3.1 Performance of EMASE on simulated data

We used simulations to evaluate the performance of EMASE models for estimating total and allele-specific expression and for comparison of EMASE to other approaches. We simulated 12 independent sets of 10 million 68 bp single-end reads using RSEM (Li and Dewey, 2011) version 1.3.0 with input parameters obtained by applying RSEM analysis to eight samples of F1 hybrid cross between mouse strains NOD/ShiLtJ (NOD) and PWK/PhJ (PWK). For the alignment phase of analysis, we generated NOD and PWK transcriptomes by incorporating known strain-specific SNPs and short indels into the reference transcriptome and combined these to form the diploid transcriptome of a NOD × PWK F1 hybrid mouse using g2gtools (https://github.com/churchill-lab/g2gtools) (Supplementary Fig. S1). We built the bowtie (Langmead et al., 2009) index using rsem-prepare-reference and aligned each of the simulated read sets to the diploid NOD × PWK transcriptome using the bowtie aligner to generated BAM files for each of the 12 simulated datasets. Details of the simulations are provided in Section 2.

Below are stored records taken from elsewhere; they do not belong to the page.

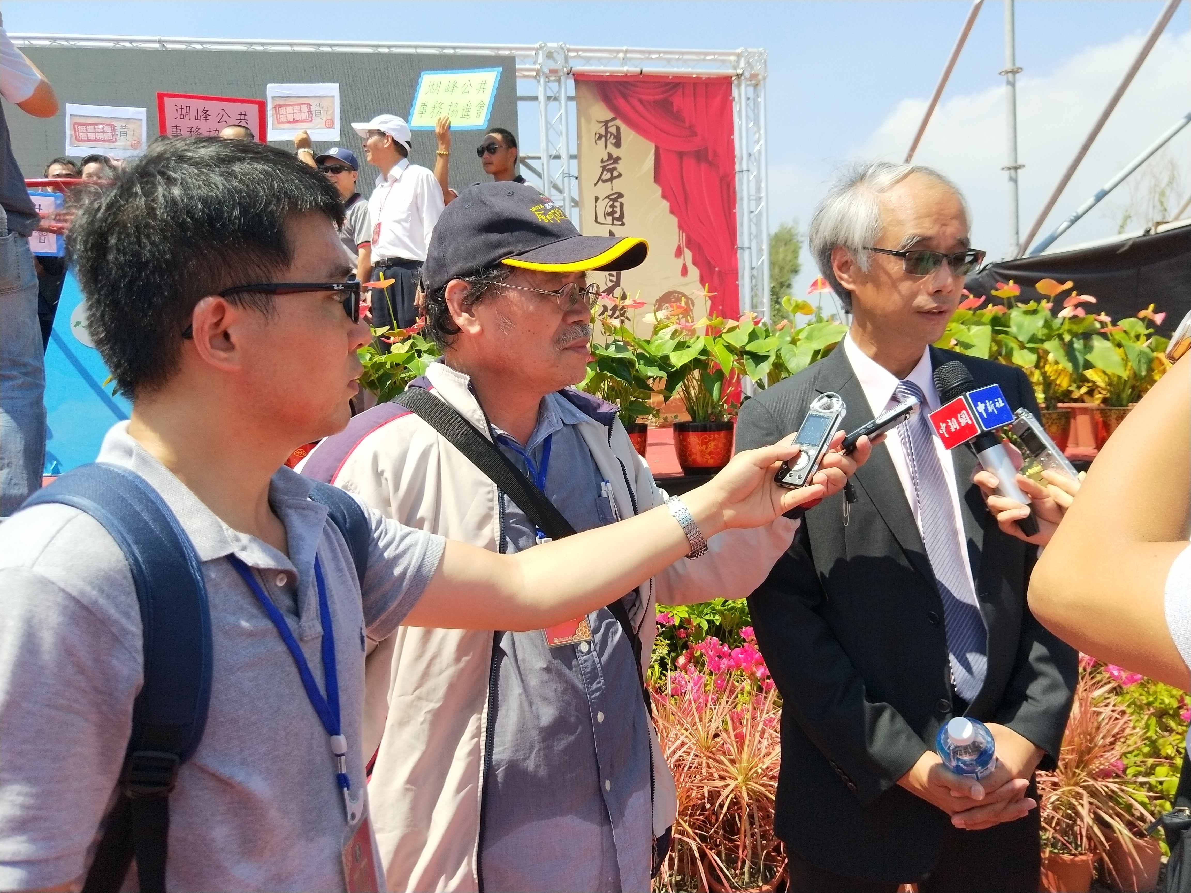 2018年8月在金门两岸通水见证仪式上,采访金门县自来水厂负责人
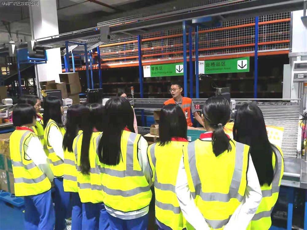 跟隨講解員的腳步,同學(xué)們實(shí)地查看物流中心內(nèi)部作業(yè)現(xiàn)場(chǎng),依次了解了收貨驗(yàn)貨、拆零分揀及理貨出庫(kù)作業(yè)流程。當(dāng)?shù)弥锪髦行牟捎萌A潤(rùn)集團(tuán)自主研發(fā)的醫(yī)藥倉(cāng)儲(chǔ)管理系統(tǒng)(WMS),實(shí)現(xiàn)了藥品入庫(kù)、藥品揀選、配送的自動(dòng)化、信息化操作后,同學(xué)們紛紛表示贊嘆?!巴ㄟ^(guò)今天的參觀,我身臨其境地感知和體驗(yàn),‘信息傳遞快捷,自動(dòng)化揀選速度快,大大減少藥品的庫(kù)存,縮短藥品的在庫(kù)時(shí)間,進(jìn)而保證藥品質(zhì)量’,這些原本書上的知識(shí)不再是靜止和呆板的,都‘鮮活’了起來(lái)”,一位同學(xué)說(shuō)道。
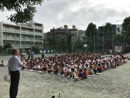 今月は強い地震が発生し、理科室から出火したという想定で、避難訓練を行いました。第二校庭では整然と行動していました。校舎内も同じようにできるといいですね。
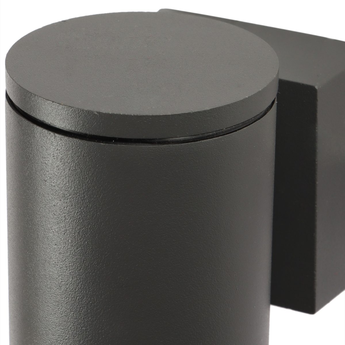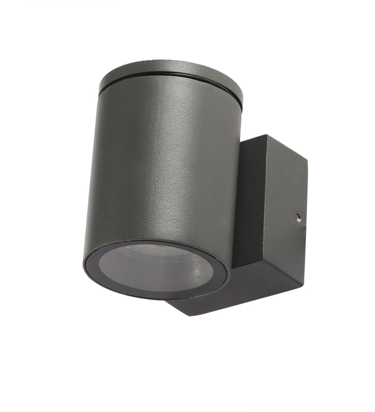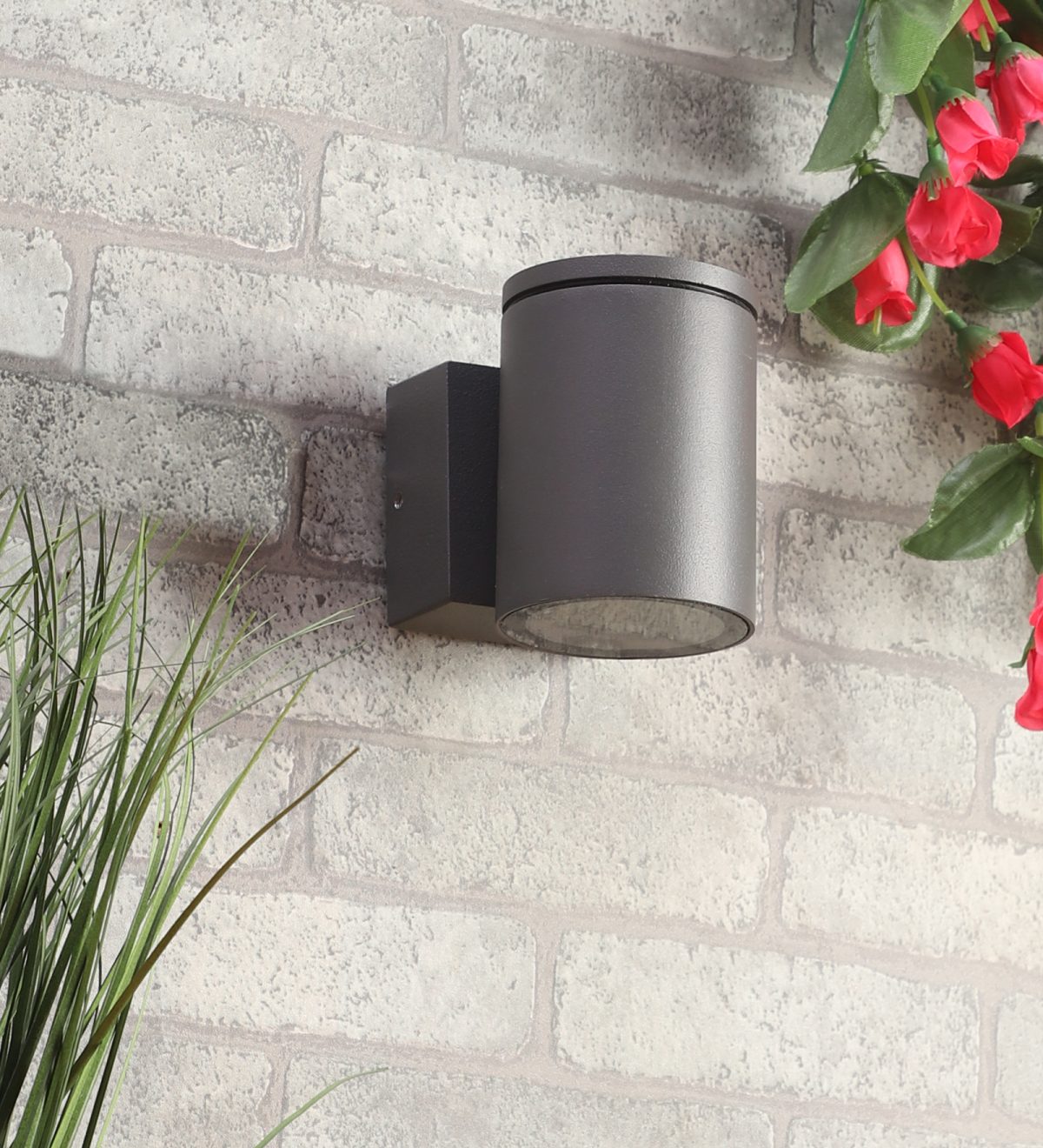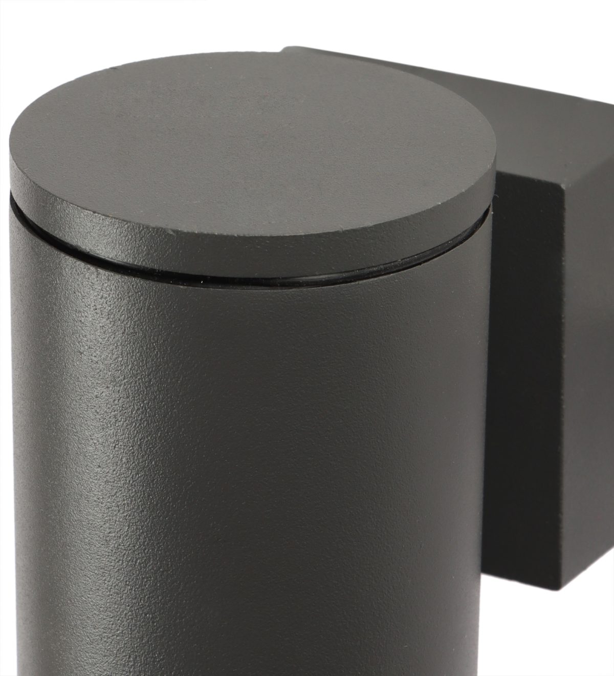 Aluminium die cast one of the top selling export quality cylindrical wall light available in a sophisticated grey finish, perfect to use outdoors. It is maintenance free, only the change of lamp is required which is available locally everywhere. Suitable for use in wet areas like swimming pools and spas. But equally as stunning when installed indoor around the house. Ideal to high light the exterior of your property and placed either side of an entrance for instance. Can be dimmed if used with a dimmable lamp. Rated at IP 54 providing protection from water spray. Lamp not included.

We fit each of the four EMASE models with these BAM files and carried out head-to-head comparisons between all pairs of models to determine the proportions of genes or isoform for which each method provided estimates of ASE or total expression that are closer to the simulated truth. For ASE, we report comparisons of EMASE model M₂ against the other methods (Table 1 and Supplementary Figs S2–S4). For total expression, we report comparisons between EMASE model M₂ and the other EM methods (Supplementary Table S1 and Figs S5 and S6).

For ASE estimation, we considered the estimates obtained from two methods to be equivalent if the difference between the absolute deviations of estimated values from the simulated truth is 5% or less. In comparison to the other EMASE models, the M₂ estimates are more often closer to the true values. The difference is most pronounced in comparison to M₁ at the gene-level where 11.5% of genes were better estimated by M₂ and only 3.3% were better estimated by M₁. The differences among the EMASE model comparisons are less pronounced at the isoform level. In comparisons to the other estimation methods, M₂ is consistently best and the next best performance is from RSEM followed by kallisto and unique-reads. The performance of WASP is an outlier—M₂ provided substantially better estimates of ASE for 26.2% of all genes.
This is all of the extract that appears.